### EXERCISE
An exact transcription of all the records is required, minus the images.

[Records from a data collection]

- - - - -

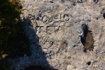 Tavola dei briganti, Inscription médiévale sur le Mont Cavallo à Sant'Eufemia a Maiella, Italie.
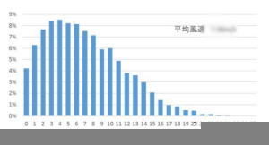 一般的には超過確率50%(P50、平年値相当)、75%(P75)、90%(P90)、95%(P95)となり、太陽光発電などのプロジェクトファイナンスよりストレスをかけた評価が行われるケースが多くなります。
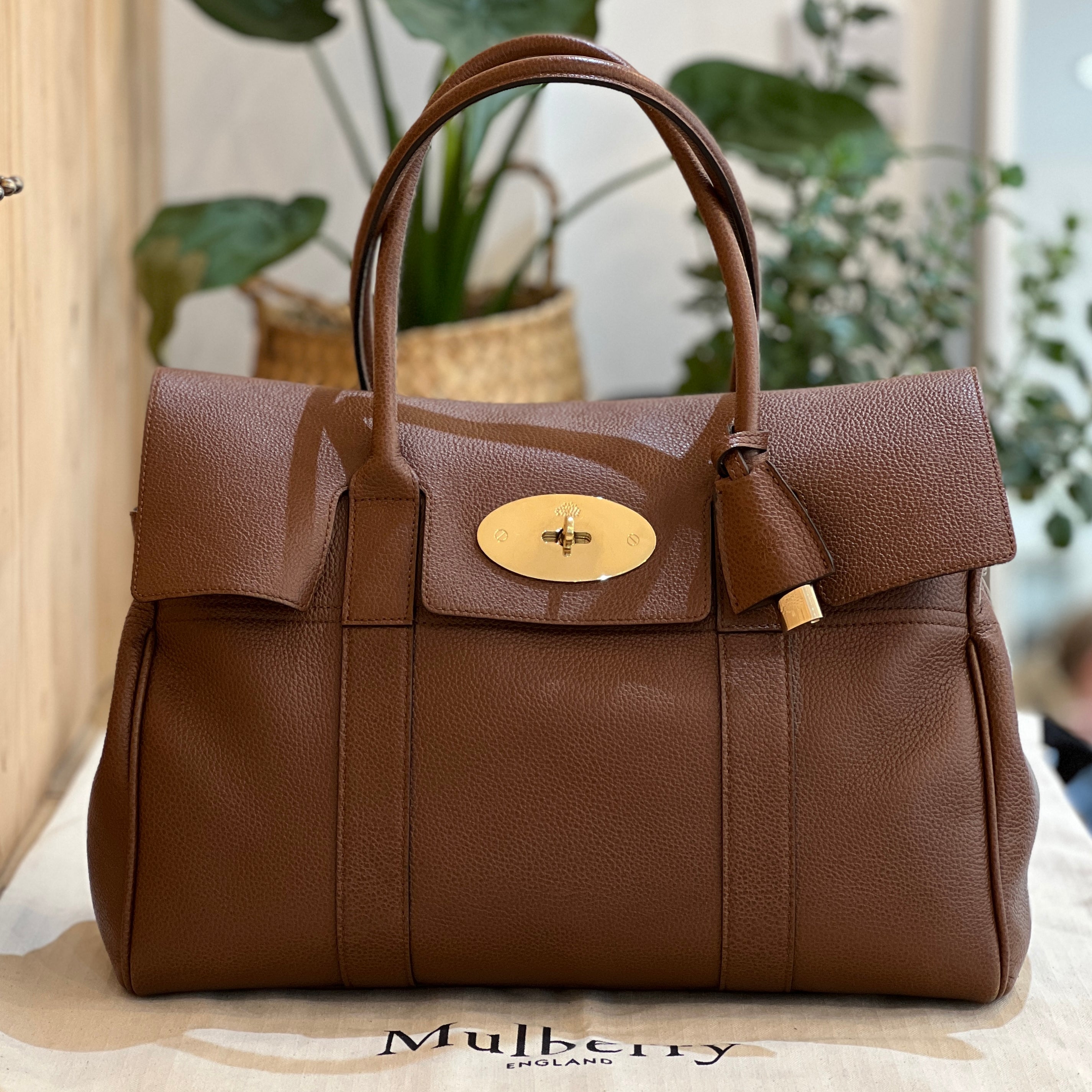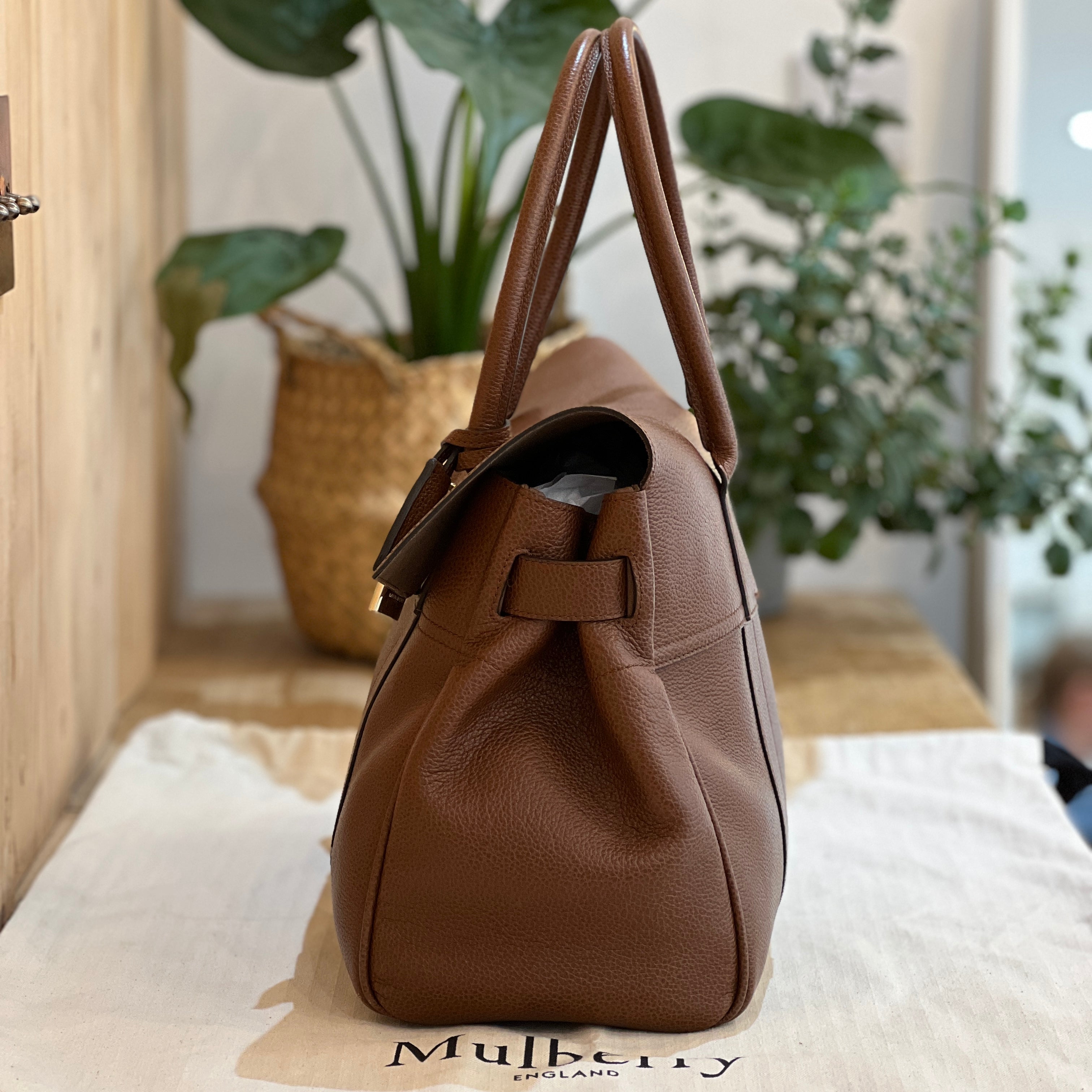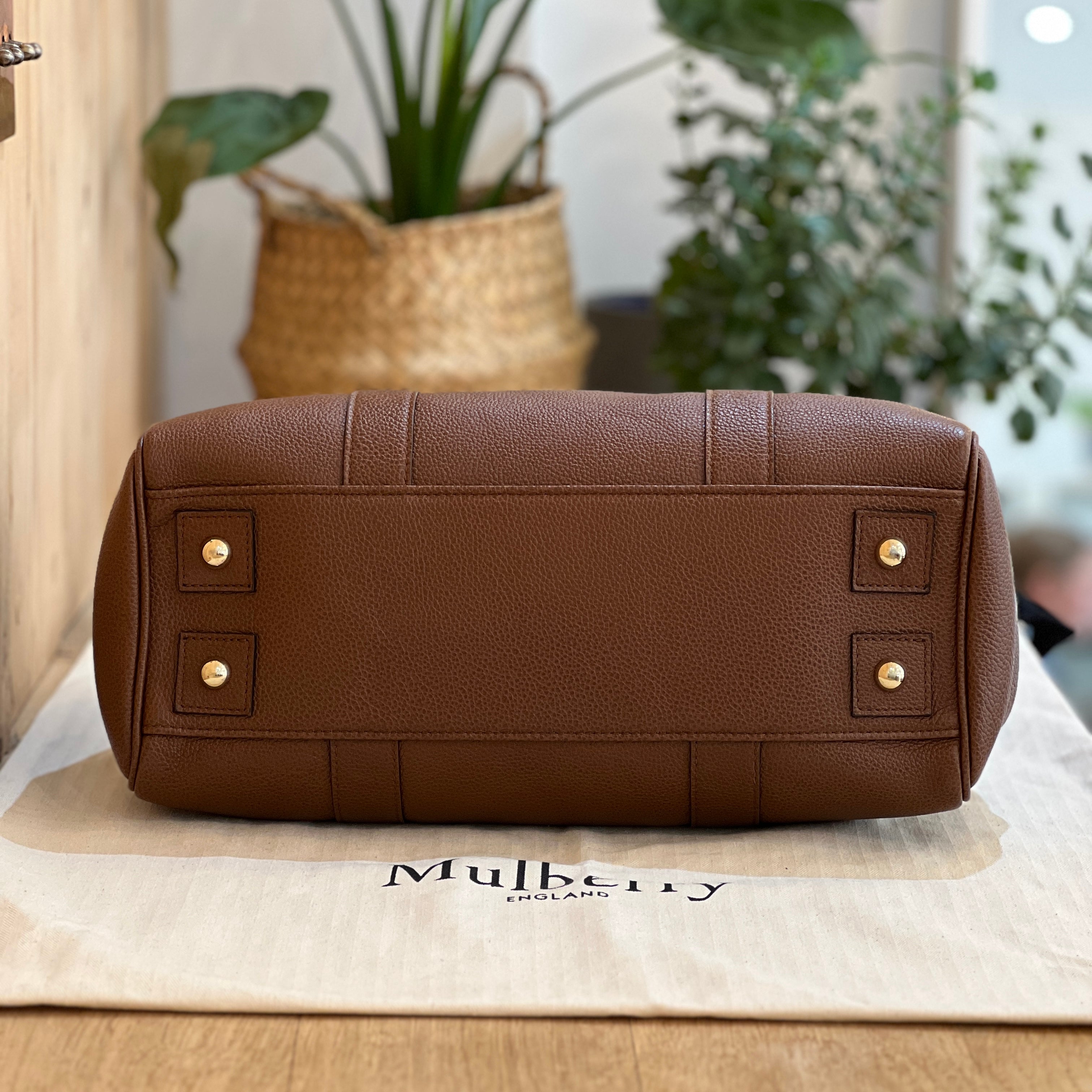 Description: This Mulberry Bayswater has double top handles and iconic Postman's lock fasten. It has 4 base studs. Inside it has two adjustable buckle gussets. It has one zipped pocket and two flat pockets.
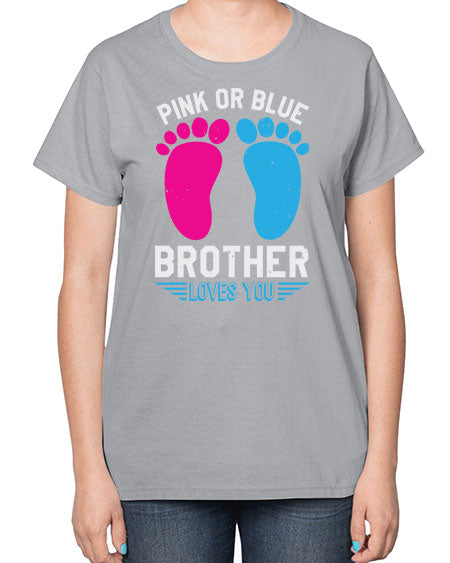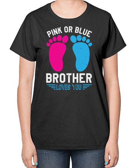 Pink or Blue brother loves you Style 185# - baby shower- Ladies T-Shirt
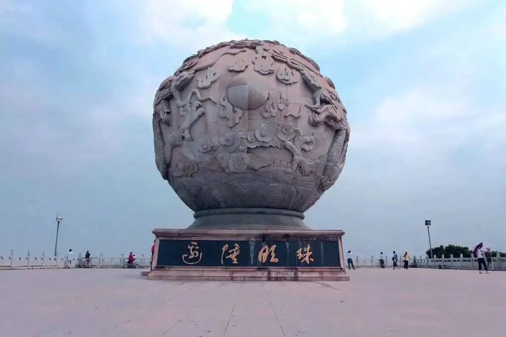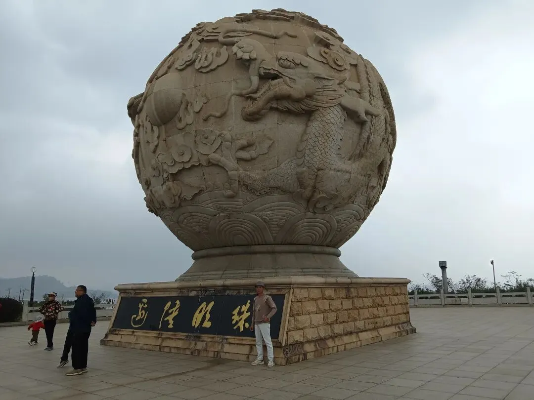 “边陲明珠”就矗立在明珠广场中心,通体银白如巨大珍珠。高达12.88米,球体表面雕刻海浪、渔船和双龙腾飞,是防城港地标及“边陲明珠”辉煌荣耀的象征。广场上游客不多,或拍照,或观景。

- - - - -

### EXERCISE RESPONSE
 Tavola dei briganti, Inscription médiévale sur le Mont Cavallo à Sant'Eufemia a Maiella, Italie.
 一般的には超過確率50%(P50、平年値相当)、75%(P75)、90%(P90)、95%(P95)となり、太陽光発電などのプロジェクトファイナンスよりストレスをかけた評価が行われるケースが多くなります。
 Description: This Mulberry Bayswater has double top handles and iconic Postman's lock fasten. It has 4 base studs. Inside it has two adjustable buckle gussets. It has one zipped pocket and two flat pockets.
 Pink or Blue brother loves you Style 185# - baby shower- Ladies T-Shirt
 “边陲明珠”就矗立在明珠广场中心,通体银白如巨大珍珠。高达12.88米,球体表面雕刻海浪、渔船和双龙腾飞,是防城港地标及“边陲明珠”辉煌荣耀的象征。广场上游客不多,或拍照,或观景。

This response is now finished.